| Description of the task |
Skip the pictures. Return exactly the lines from the one containing "虎眼石108個の仏珠ネックレ" through the end of the entries below.

[Records excerpted from a collection]
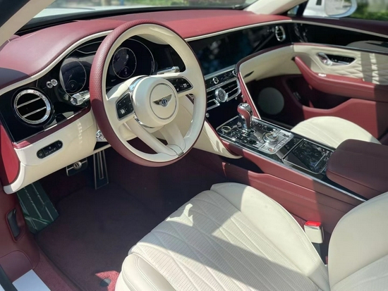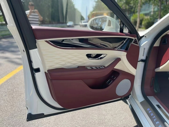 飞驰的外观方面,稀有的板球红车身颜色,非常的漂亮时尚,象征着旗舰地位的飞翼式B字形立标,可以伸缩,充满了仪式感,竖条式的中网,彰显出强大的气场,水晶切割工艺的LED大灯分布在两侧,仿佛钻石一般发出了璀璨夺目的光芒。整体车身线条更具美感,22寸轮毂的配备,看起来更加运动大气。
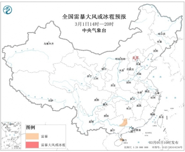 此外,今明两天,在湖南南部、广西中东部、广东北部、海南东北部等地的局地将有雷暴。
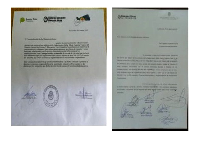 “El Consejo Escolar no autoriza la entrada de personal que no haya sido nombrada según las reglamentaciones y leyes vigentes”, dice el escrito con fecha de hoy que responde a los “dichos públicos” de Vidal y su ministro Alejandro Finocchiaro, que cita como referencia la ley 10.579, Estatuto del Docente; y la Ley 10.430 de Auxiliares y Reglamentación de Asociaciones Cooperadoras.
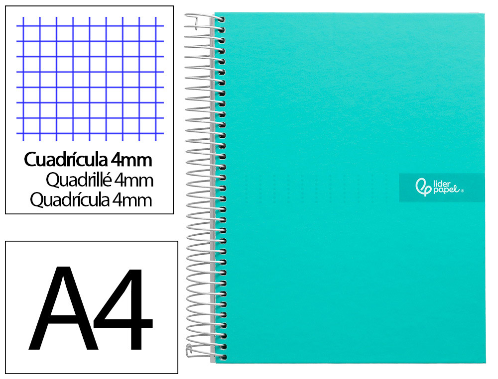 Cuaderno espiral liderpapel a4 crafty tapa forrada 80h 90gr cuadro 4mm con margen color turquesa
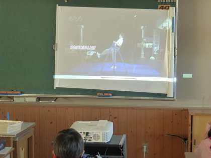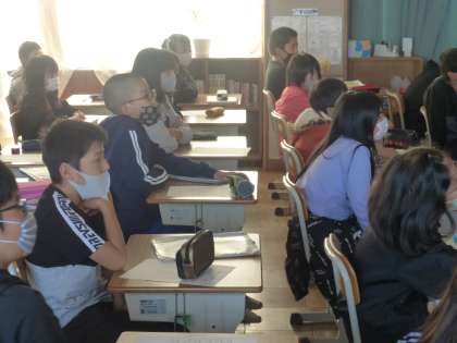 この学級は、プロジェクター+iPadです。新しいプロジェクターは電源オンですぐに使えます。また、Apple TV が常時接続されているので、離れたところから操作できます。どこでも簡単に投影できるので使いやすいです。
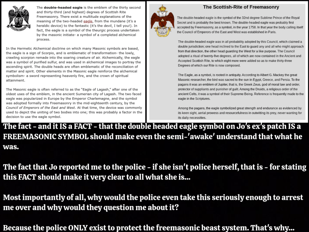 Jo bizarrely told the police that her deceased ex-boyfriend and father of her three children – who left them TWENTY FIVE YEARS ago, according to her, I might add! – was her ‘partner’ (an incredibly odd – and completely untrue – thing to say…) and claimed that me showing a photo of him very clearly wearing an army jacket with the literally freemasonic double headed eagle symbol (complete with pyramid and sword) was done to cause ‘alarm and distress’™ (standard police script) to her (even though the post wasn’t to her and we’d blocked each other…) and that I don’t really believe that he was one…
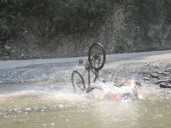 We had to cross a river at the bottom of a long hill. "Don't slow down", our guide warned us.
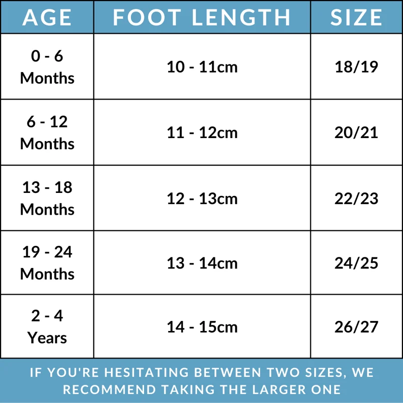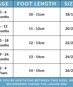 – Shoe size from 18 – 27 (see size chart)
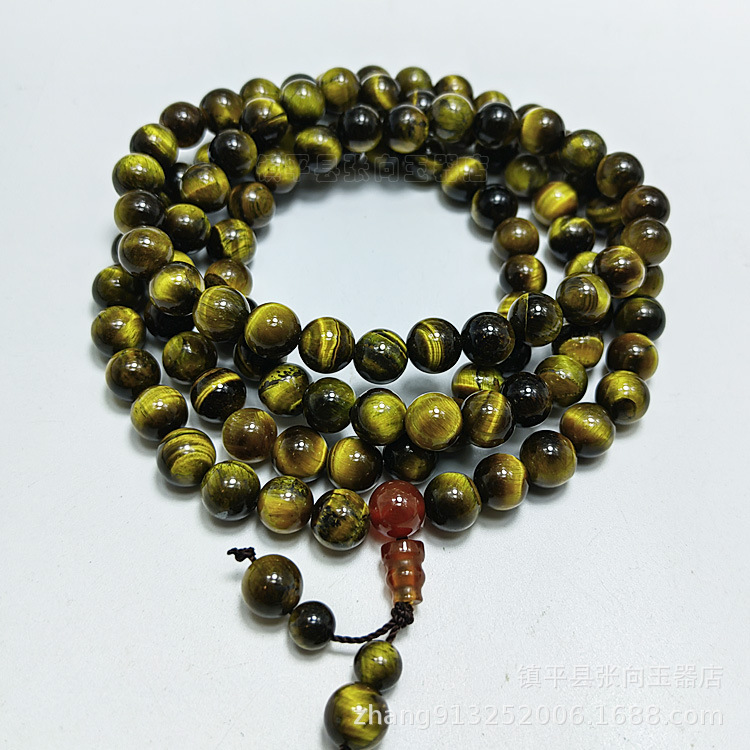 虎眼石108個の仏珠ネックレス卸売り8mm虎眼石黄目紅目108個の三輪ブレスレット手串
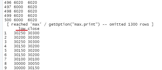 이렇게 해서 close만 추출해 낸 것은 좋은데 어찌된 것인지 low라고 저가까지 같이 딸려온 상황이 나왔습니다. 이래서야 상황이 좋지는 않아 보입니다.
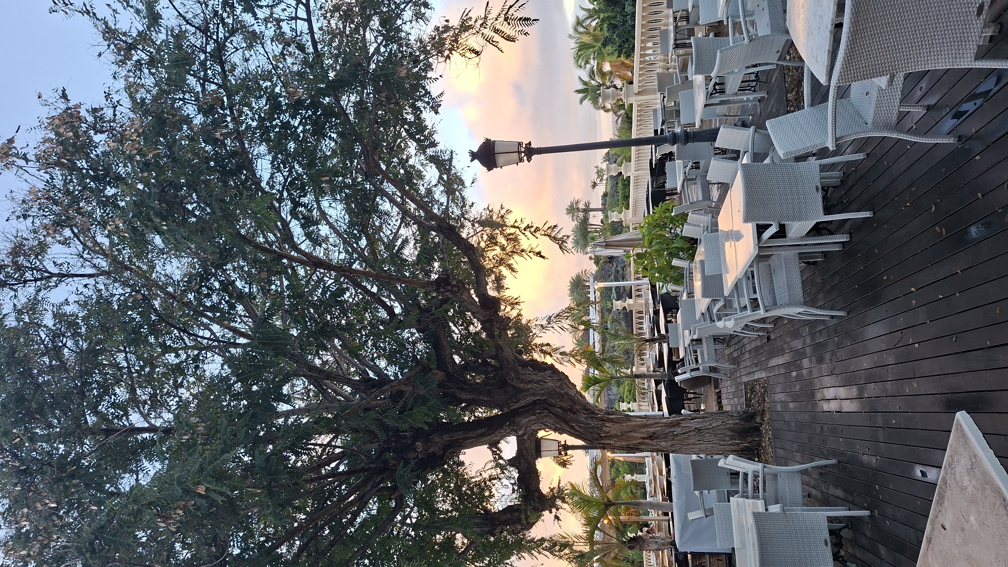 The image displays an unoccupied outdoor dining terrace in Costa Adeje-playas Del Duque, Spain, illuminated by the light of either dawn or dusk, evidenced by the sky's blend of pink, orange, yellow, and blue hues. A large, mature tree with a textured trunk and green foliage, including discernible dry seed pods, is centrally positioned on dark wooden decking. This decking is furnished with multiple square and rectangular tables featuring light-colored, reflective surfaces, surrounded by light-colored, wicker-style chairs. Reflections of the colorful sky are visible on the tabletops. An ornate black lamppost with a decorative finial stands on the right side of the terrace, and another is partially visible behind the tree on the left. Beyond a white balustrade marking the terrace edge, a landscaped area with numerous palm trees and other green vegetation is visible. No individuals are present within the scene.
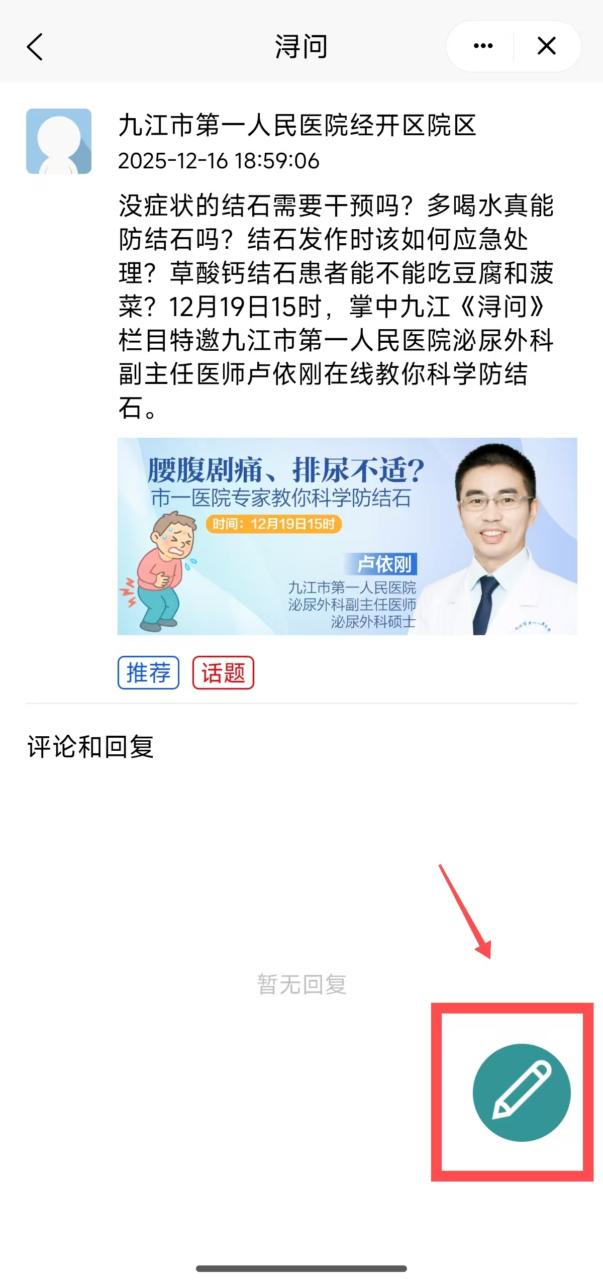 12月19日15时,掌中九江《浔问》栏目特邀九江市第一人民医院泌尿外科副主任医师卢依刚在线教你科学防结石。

| Written answer |
 虎眼石108個の仏珠ネックレス卸売り8mm虎眼石黄目紅目108個の三輪ブレスレット手串
 이렇게 해서 close만 추출해 낸 것은 좋은데 어찌된 것인지 low라고 저가까지 같이 딸려온 상황이 나왔습니다. 이래서야 상황이 좋지는 않아 보입니다.
 The image displays an unoccupied outdoor dining terrace in Costa Adeje-playas Del Duque, Spain, illuminated by the light of either dawn or dusk, evidenced by the sky's blend of pink, orange, yellow, and blue hues. A large, mature tree with a textured trunk and green foliage, including discernible dry seed pods, is centrally positioned on dark wooden decking. This decking is furnished with multiple square and rectangular tables featuring light-colored, reflective surfaces, surrounded by light-colored, wicker-style chairs. Reflections of the colorful sky are visible on the tabletops. An ornate black lamppost with a decorative finial stands on the right side of the terrace, and another is partially visible behind the tree on the left. Beyond a white balustrade marking the terrace edge, a landscaped area with numerous palm trees and other green vegetation is visible. No individuals are present within the scene.
 12月19日15时,掌中九江《浔问》栏目特邀九江市第一人民医院泌尿外科副主任医师卢依刚在线教你科学防结石。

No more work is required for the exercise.